Data for this task:
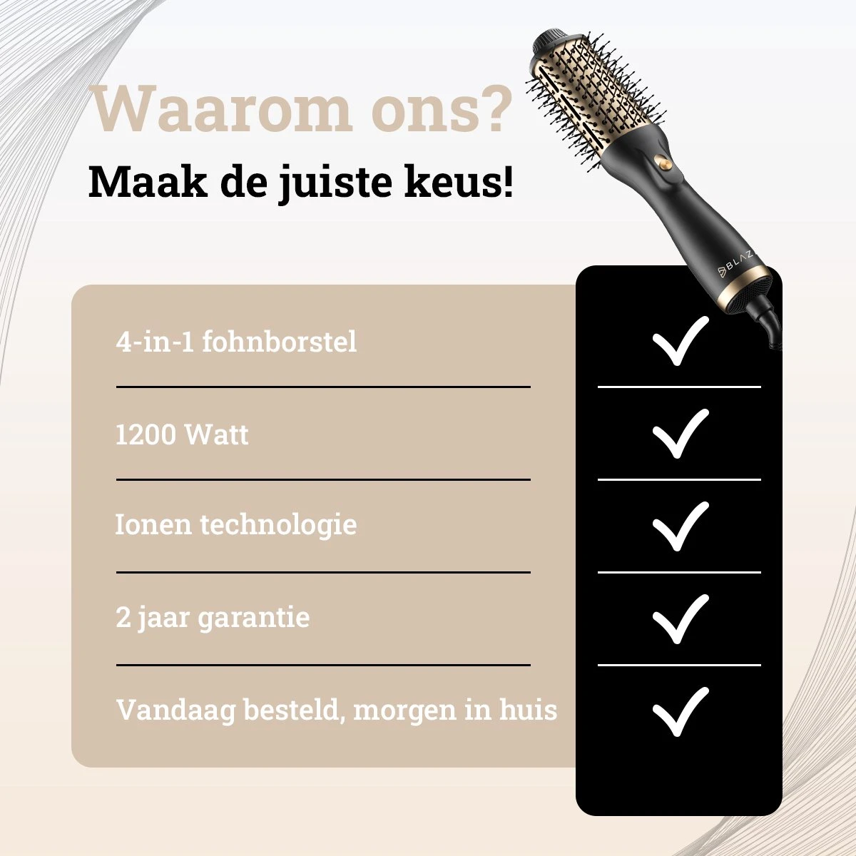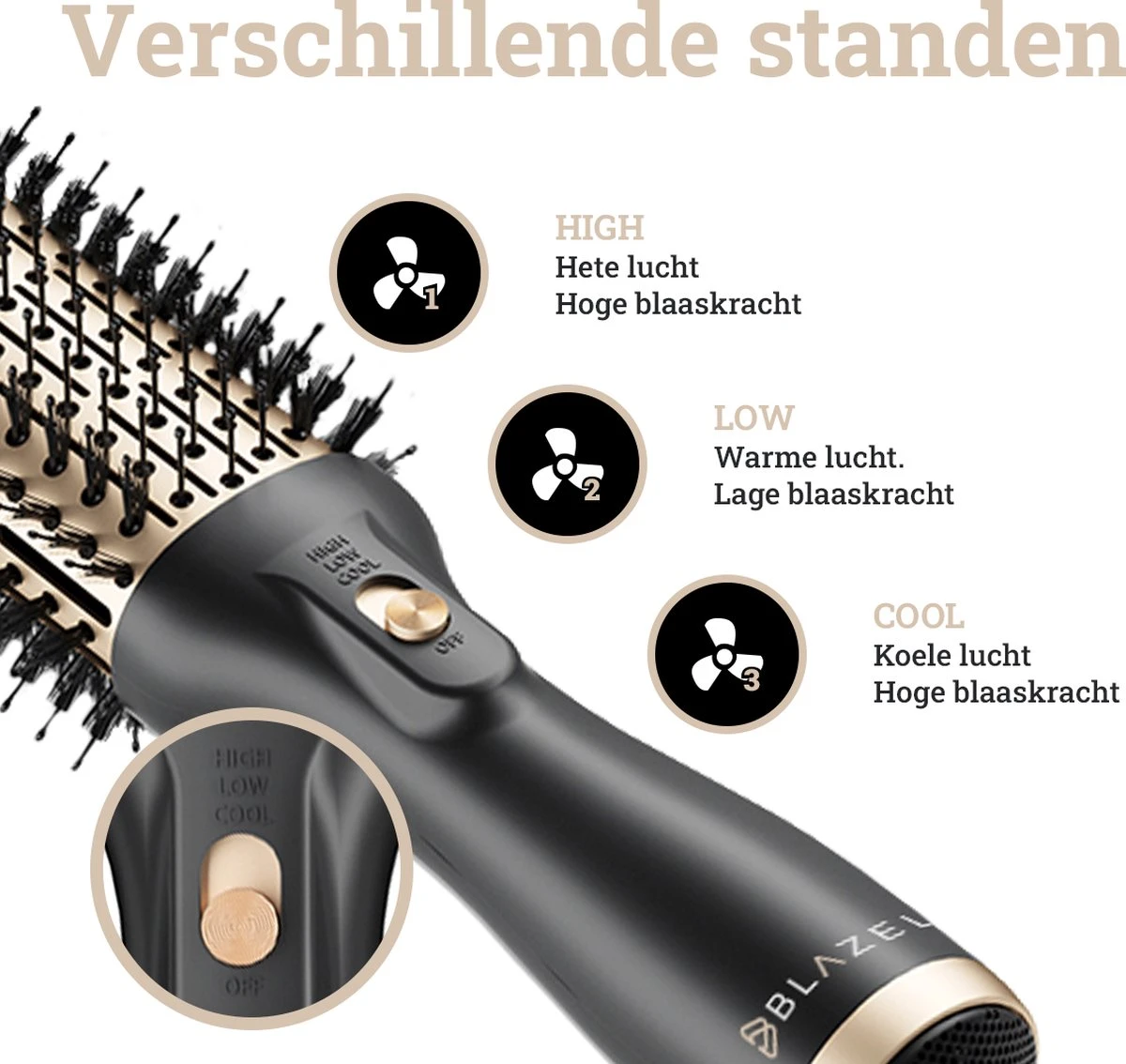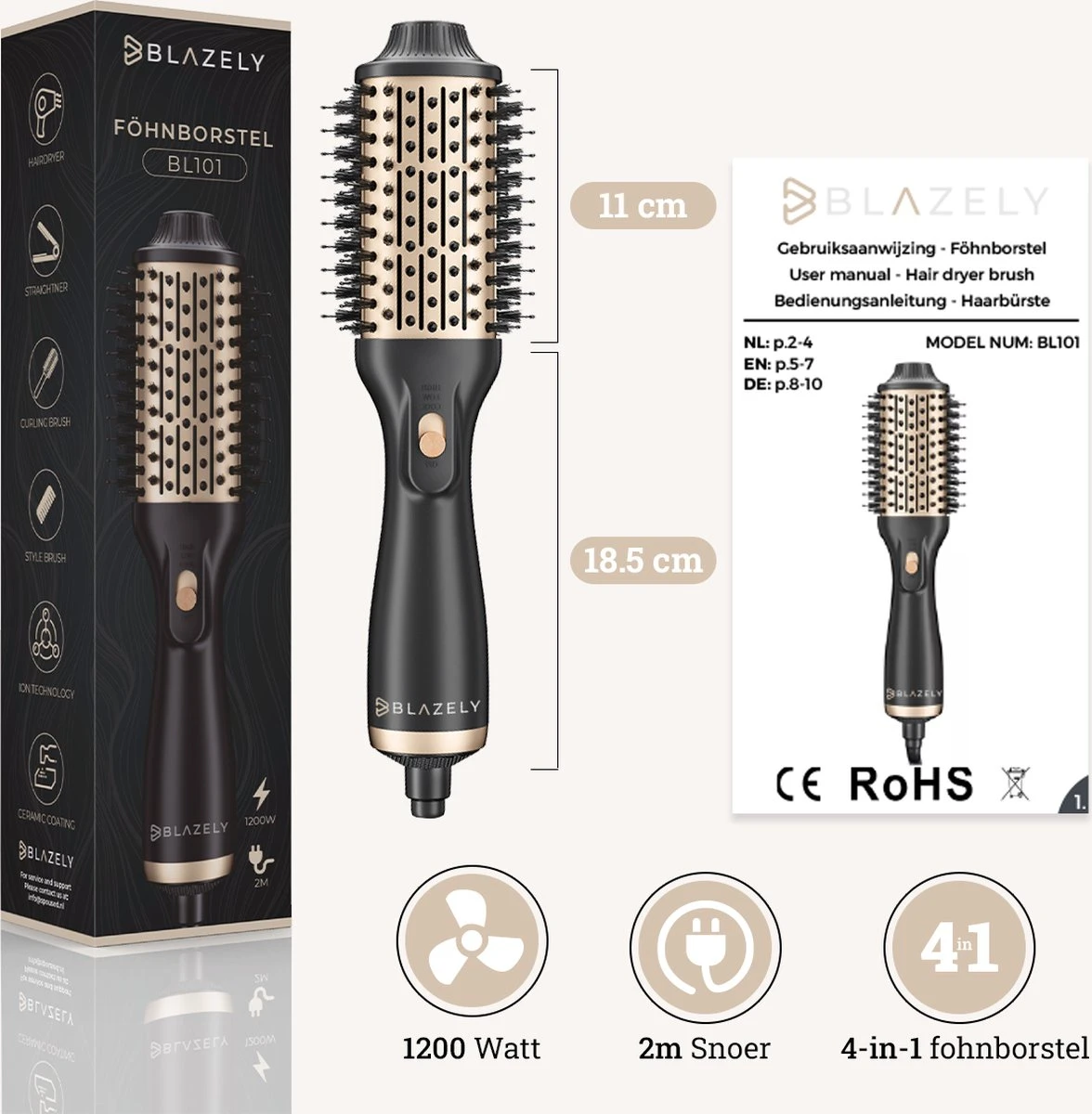 Waar anderen stoppen gaat Blazely verder, veel föhnborstels zijn slechts 3-in-1 maar de föhnborstel van blazely gaat een stapje verder. Namelijk een 4 in 1, zo kun je je haren föhnen, borstelen, stijlen en krullen. En dat allemaal met het gemak van slechts 1 apparaat. De tijd van 4 verschillende haartools is voorbij!
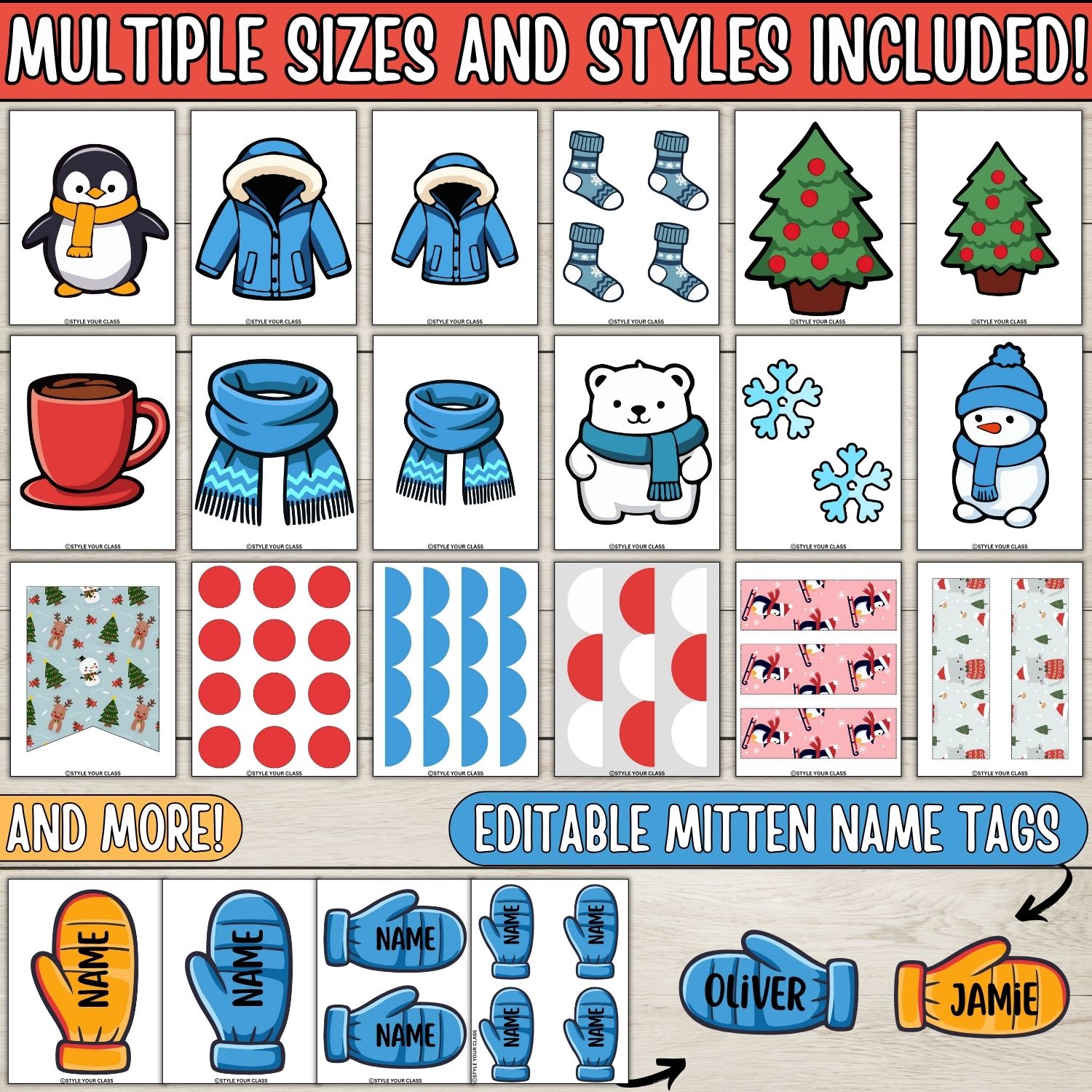 Bring cozy winter charm into your classroom with this adorable Winter Bulletin Board or Door Decor Kit! With cheerful penguins, warm scarves, mittens, sweaters, and editable mitten name tags, this set creates a bright and welcoming display your students will love all season long.
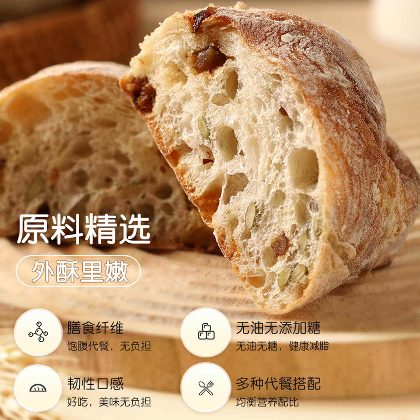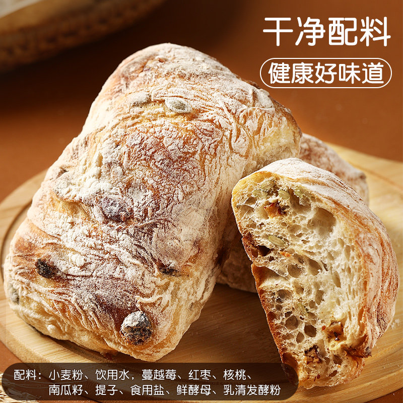 良禾坚果面包现做恰巴塔营养早餐食品小麦面包贝果粗粮坚果小欧包
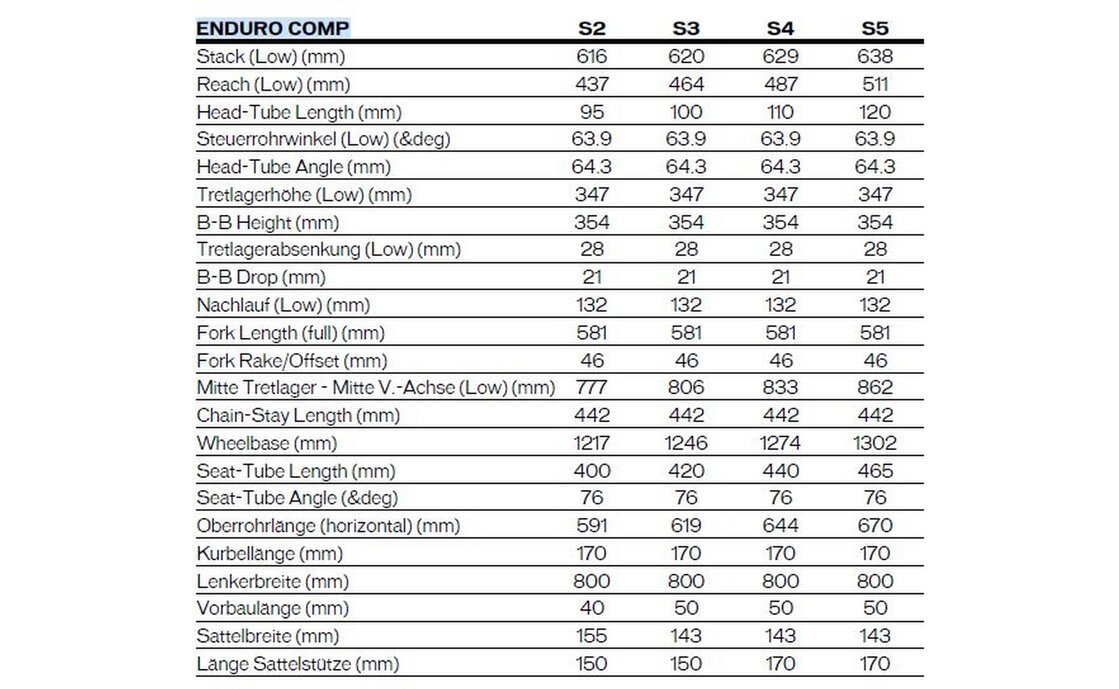 Die Geometrie des Specialized Enduro Comp ist die aggressivste, die Specialized je in einem Serienmodell dieser Klasse angeboten hat – und sie ist der deutlichste Beweis, dass Specialized beim Enduro keine halben Sachen macht. Ein Lenkwinkel von 63 Grad – einer der flachsten in der Industrie – gibt dem Rad eine Stabilität bei hohen Geschwindigkeiten, die auf den steilsten, schnellsten Abfahrten des Enduro-Sports das Vertrauen erzeugt, das mutigeres, schnelleres und freudvolleres Fahren ermöglicht. Ein sehr großzügiger Reach gibt dem Fahrer die Plattform für eine aktive, kontrollierte Fahrposition auch in den technischsten Momenten des Trails. Das tiefe Tretlager – eines der tiefsten in der Klasse – senkt den Schwerpunkt auf ein Niveau, das dem Specialized Enduro Comp eine Bodenhaftung und Stabilität verleiht, die andere Enduro-Räder nicht erreichen.
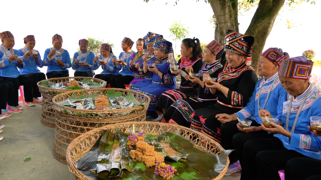 美食上桌,妇女们围坐成圈,手中捧着刚做好的米花,耳畔响起悠扬婉转的山歌。清甜的米香混合着醇厚的蔗香在口中化开,歌声里是对丰收的喜悦、是对新年的期盼。“每年过年都要做米花,这是刻在骨子里的年味。红糖甜,生活更甜!”一位村民笑着说道。
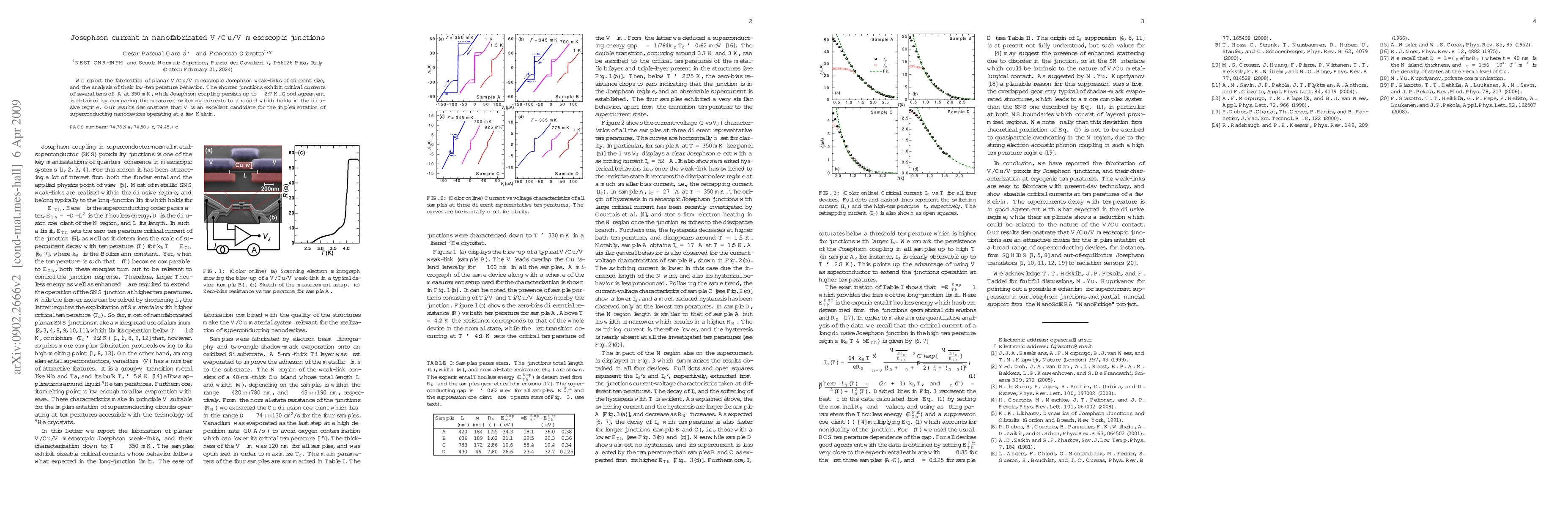 This paper details the fabrication of V/Cu/V mesoscopic Josephson junctions and their low-temperature behavior, showing critical currents in the microA range and persistent Josephson coupling up to 2.7 K, validating a diffusive regime model and indicating V's suitability for superconducting nanodevices.
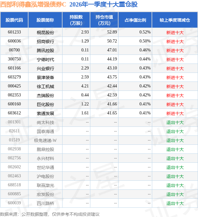 从基金规模来看,西部利得鑫泓增强债券C基金2026年一季度公布的基金规模为0.73亿元,较上一期规模3221.22万元变化了4124.33万元,环比变化了128.04%。该基金最新一期资产配置为:股票占净值比10.3%,债券占净值比80.93%,现金占净值比17.5%。从基金持仓来看,该基金当季前十大股票仓位达4.44%,第一大重仓股为桐昆股份(601233),持仓占比为0.52%。

Directions: Could you repeat all of the material exactly? Pictures should not be copied.

Result of this task:
 Waar anderen stoppen gaat Blazely verder, veel föhnborstels zijn slechts 3-in-1 maar de föhnborstel van blazely gaat een stapje verder. Namelijk een 4 in 1, zo kun je je haren föhnen, borstelen, stijlen en krullen. En dat allemaal met het gemak van slechts 1 apparaat. De tijd van 4 verschillende haartools is voorbij!
 Bring cozy winter charm into your classroom with this adorable Winter Bulletin Board or Door Decor Kit! With cheerful penguins, warm scarves, mittens, sweaters, and editable mitten name tags, this set creates a bright and welcoming display your students will love all season long.
 良禾坚果面包现做恰巴塔营养早餐食品小麦面包贝果粗粮坚果小欧包
 Die Geometrie des Specialized Enduro Comp ist die aggressivste, die Specialized je in einem Serienmodell dieser Klasse angeboten hat – und sie ist der deutlichste Beweis, dass Specialized beim Enduro keine halben Sachen macht. Ein Lenkwinkel von 63 Grad – einer der flachsten in der Industrie – gibt dem Rad eine Stabilität bei hohen Geschwindigkeiten, die auf den steilsten, schnellsten Abfahrten des Enduro-Sports das Vertrauen erzeugt, das mutigeres, schnelleres und freudvolleres Fahren ermöglicht. Ein sehr großzügiger Reach gibt dem Fahrer die Plattform für eine aktive, kontrollierte Fahrposition auch in den technischsten Momenten des Trails. Das tiefe Tretlager – eines der tiefsten in der Klasse – senkt den Schwerpunkt auf ein Niveau, das dem Specialized Enduro Comp eine Bodenhaftung und Stabilität verleiht, die andere Enduro-Räder nicht erreichen.
 美食上桌,妇女们围坐成圈,手中捧着刚做好的米花,耳畔响起悠扬婉转的山歌。清甜的米香混合着醇厚的蔗香在口中化开,歌声里是对丰收的喜悦、是对新年的期盼。“每年过年都要做米花,这是刻在骨子里的年味。红糖甜,生活更甜!”一位村民笑着说道。
 This paper details the fabrication of V/Cu/V mesoscopic Josephson junctions and their low-temperature behavior, showing critical currents in the microA range and persistent Josephson coupling up to 2.7 K, validating a diffusive regime model and indicating V's suitability for superconducting nanodevices.
 从基金规模来看,西部利得鑫泓增强债券C基金2026年一季度公布的基金规模为0.73亿元,较上一期规模3221.22万元变化了4124.33万元,环比变化了128.04%。该基金最新一期资产配置为:股票占净值比10.3%,债券占净值比80.93%,现金占净值比17.5%。从基金持仓来看,该基金当季前十大股票仓位达4.44%,第一大重仓股为桐昆股份(601233),持仓占比为0.52%。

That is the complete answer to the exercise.